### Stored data
=== Begin Enclosure ===

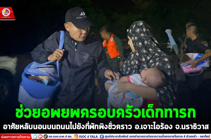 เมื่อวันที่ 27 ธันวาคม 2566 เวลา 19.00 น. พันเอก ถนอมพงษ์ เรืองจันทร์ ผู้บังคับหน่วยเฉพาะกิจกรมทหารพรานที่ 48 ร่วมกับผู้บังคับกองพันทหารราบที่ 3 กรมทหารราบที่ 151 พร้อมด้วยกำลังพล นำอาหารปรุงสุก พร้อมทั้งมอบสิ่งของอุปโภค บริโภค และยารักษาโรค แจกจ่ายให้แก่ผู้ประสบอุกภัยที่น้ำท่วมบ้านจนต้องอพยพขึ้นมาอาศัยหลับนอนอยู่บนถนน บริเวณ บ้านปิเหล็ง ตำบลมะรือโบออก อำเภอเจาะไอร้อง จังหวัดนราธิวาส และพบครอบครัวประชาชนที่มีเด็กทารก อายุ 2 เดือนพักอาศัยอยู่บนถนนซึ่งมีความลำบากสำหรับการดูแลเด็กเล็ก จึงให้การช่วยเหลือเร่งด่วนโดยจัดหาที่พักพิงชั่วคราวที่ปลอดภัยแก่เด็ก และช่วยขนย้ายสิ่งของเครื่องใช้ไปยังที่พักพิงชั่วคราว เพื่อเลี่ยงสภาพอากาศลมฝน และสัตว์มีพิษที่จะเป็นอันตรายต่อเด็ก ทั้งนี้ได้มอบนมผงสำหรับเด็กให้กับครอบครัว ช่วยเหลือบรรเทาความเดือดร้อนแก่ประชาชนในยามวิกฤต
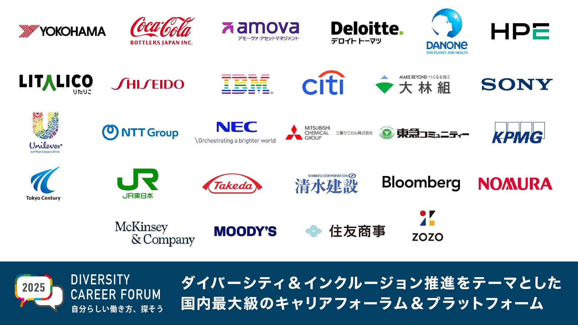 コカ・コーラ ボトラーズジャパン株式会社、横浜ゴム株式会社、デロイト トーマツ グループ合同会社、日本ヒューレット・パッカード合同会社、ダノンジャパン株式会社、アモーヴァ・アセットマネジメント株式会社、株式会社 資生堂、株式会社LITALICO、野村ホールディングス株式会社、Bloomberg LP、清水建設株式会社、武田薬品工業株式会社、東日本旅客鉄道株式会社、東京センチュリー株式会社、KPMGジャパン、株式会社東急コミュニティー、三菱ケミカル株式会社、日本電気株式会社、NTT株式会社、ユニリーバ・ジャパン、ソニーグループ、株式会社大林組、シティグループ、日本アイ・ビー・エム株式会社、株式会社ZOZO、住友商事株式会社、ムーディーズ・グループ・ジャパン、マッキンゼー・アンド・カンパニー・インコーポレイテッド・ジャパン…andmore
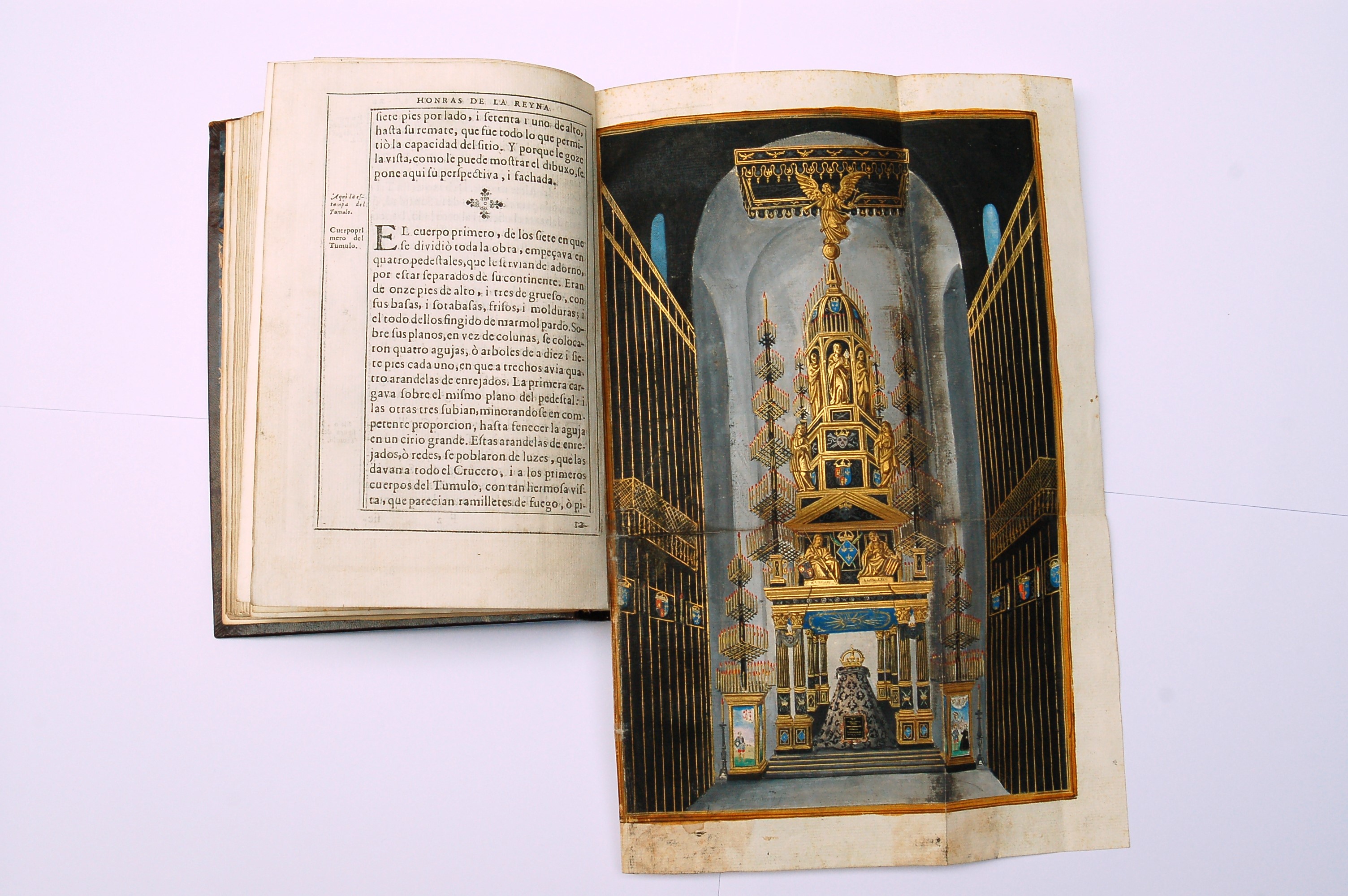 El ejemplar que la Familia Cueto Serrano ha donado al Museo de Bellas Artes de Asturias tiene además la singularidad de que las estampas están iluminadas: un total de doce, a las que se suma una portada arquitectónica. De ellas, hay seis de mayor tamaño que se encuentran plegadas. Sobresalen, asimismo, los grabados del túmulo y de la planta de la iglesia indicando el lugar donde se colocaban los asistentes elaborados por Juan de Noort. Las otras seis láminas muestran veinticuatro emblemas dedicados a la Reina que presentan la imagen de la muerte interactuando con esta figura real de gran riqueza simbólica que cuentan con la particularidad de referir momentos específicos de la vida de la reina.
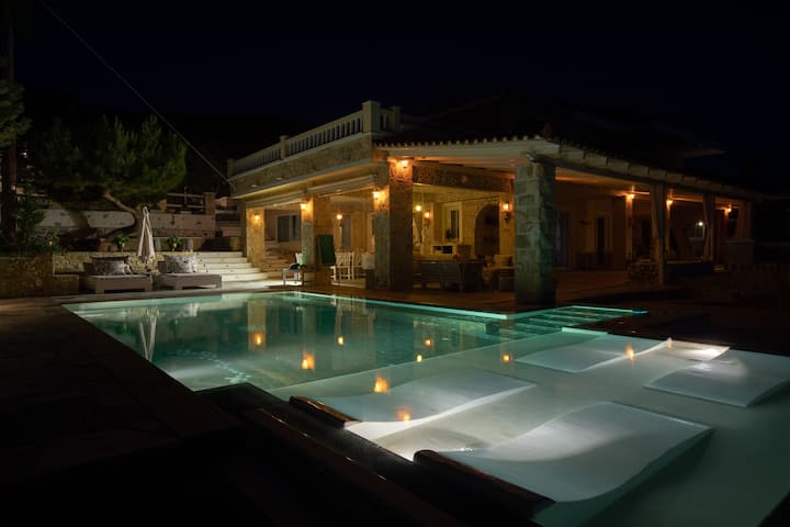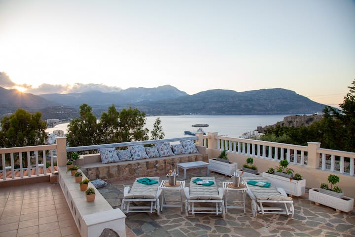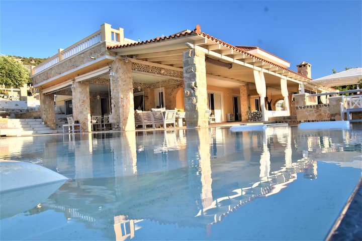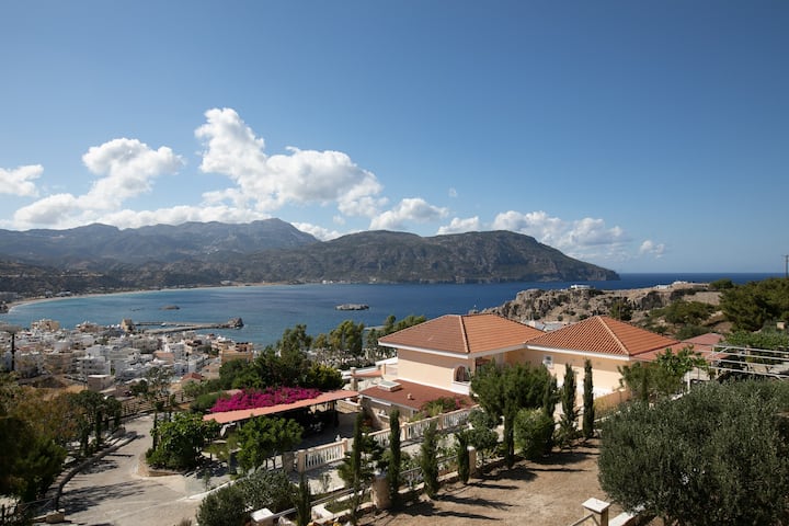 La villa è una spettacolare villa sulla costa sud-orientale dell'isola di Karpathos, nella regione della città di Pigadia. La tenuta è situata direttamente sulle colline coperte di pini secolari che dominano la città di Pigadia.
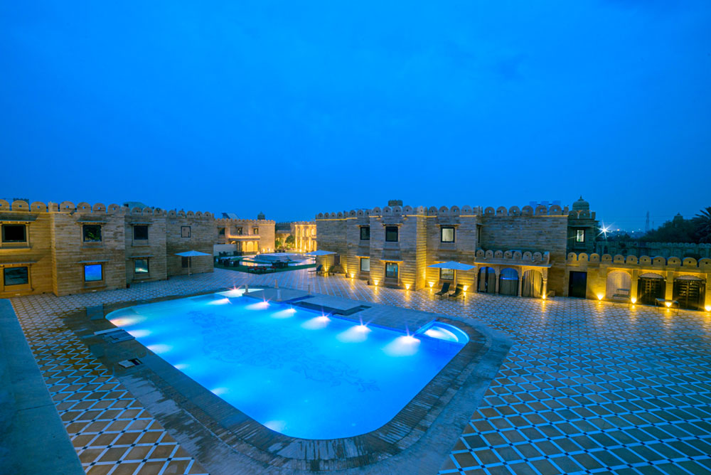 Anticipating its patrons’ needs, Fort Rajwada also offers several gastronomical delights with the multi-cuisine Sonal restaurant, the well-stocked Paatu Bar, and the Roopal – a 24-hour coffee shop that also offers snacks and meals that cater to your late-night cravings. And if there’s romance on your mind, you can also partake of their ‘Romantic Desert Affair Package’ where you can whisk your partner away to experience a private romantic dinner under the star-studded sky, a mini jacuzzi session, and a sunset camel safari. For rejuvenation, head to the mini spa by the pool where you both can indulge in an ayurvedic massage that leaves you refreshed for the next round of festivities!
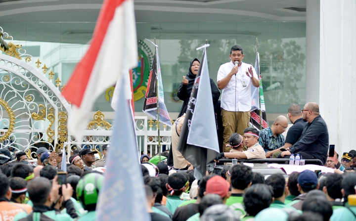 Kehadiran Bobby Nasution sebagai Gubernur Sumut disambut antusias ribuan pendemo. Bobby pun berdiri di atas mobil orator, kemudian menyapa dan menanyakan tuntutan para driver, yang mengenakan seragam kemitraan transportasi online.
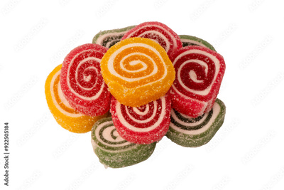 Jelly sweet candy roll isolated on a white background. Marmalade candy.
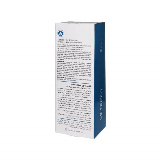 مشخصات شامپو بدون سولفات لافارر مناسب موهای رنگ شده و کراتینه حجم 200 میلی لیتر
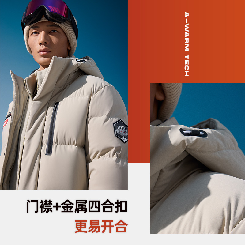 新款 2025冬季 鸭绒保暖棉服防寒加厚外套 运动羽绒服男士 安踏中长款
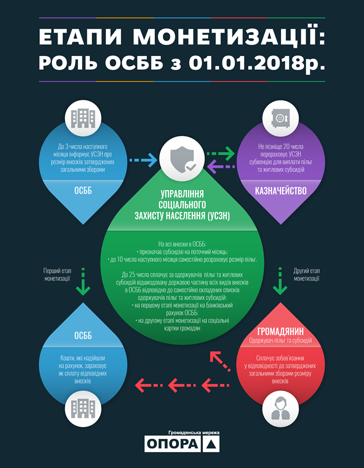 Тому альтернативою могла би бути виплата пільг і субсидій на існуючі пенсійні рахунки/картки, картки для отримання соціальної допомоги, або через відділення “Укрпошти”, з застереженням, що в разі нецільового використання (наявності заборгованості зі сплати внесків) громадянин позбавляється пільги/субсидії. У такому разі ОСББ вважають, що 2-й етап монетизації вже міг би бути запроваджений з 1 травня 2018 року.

=== End Enclosure ===

### WORK INSTRUCTION
Print the data above exactly, from its first line to the line bearing "コカ・コーラ ボトラーズジャパン株式会社、横浜ゴム株式会社、デロイト トーマツ" inclusive, and keep pictures out of the result.

### OUTPUT FOR THIS EXERCISE
 เมื่อวันที่ 27 ธันวาคม 2566 เวลา 19.00 น. พันเอก ถนอมพงษ์ เรืองจันทร์ ผู้บังคับหน่วยเฉพาะกิจกรมทหารพรานที่ 48 ร่วมกับผู้บังคับกองพันทหารราบที่ 3 กรมทหารราบที่ 151 พร้อมด้วยกำลังพล นำอาหารปรุงสุก พร้อมทั้งมอบสิ่งของอุปโภค บริโภค และยารักษาโรค แจกจ่ายให้แก่ผู้ประสบอุกภัยที่น้ำท่วมบ้านจนต้องอพยพขึ้นมาอาศัยหลับนอนอยู่บนถนน บริเวณ บ้านปิเหล็ง ตำบลมะรือโบออก อำเภอเจาะไอร้อง จังหวัดนราธิวาส และพบครอบครัวประชาชนที่มีเด็กทารก อายุ 2 เดือนพักอาศัยอยู่บนถนนซึ่งมีความลำบากสำหรับการดูแลเด็กเล็ก จึงให้การช่วยเหลือเร่งด่วนโดยจัดหาที่พักพิงชั่วคราวที่ปลอดภัยแก่เด็ก และช่วยขนย้ายสิ่งของเครื่องใช้ไปยังที่พักพิงชั่วคราว เพื่อเลี่ยงสภาพอากาศลมฝน และสัตว์มีพิษที่จะเป็นอันตรายต่อเด็ก ทั้งนี้ได้มอบนมผงสำหรับเด็กให้กับครอบครัว ช่วยเหลือบรรเทาความเดือดร้อนแก่ประชาชนในยามวิกฤต
 コカ・コーラ ボトラーズジャパン株式会社、横浜ゴム株式会社、デロイト トーマツ グループ合同会社、日本ヒューレット・パッカード合同会社、ダノンジャパン株式会社、アモーヴァ・アセットマネジメント株式会社、株式会社 資生堂、株式会社LITALICO、野村ホールディングス株式会社、Bloomberg LP、清水建設株式会社、武田薬品工業株式会社、東日本旅客鉄道株式会社、東京センチュリー株式会社、KPMGジャパン、株式会社東急コミュニティー、三菱ケミカル株式会社、日本電気株式会社、NTT株式会社、ユニリーバ・ジャパン、ソニーグループ、株式会社大林組、シティグループ、日本アイ・ビー・エム株式会社、株式会社ZOZO、住友商事株式会社、ムーディーズ・グループ・ジャパン、マッキンゼー・アンド・カンパニー・インコーポレイテッド・ジャパン…andmore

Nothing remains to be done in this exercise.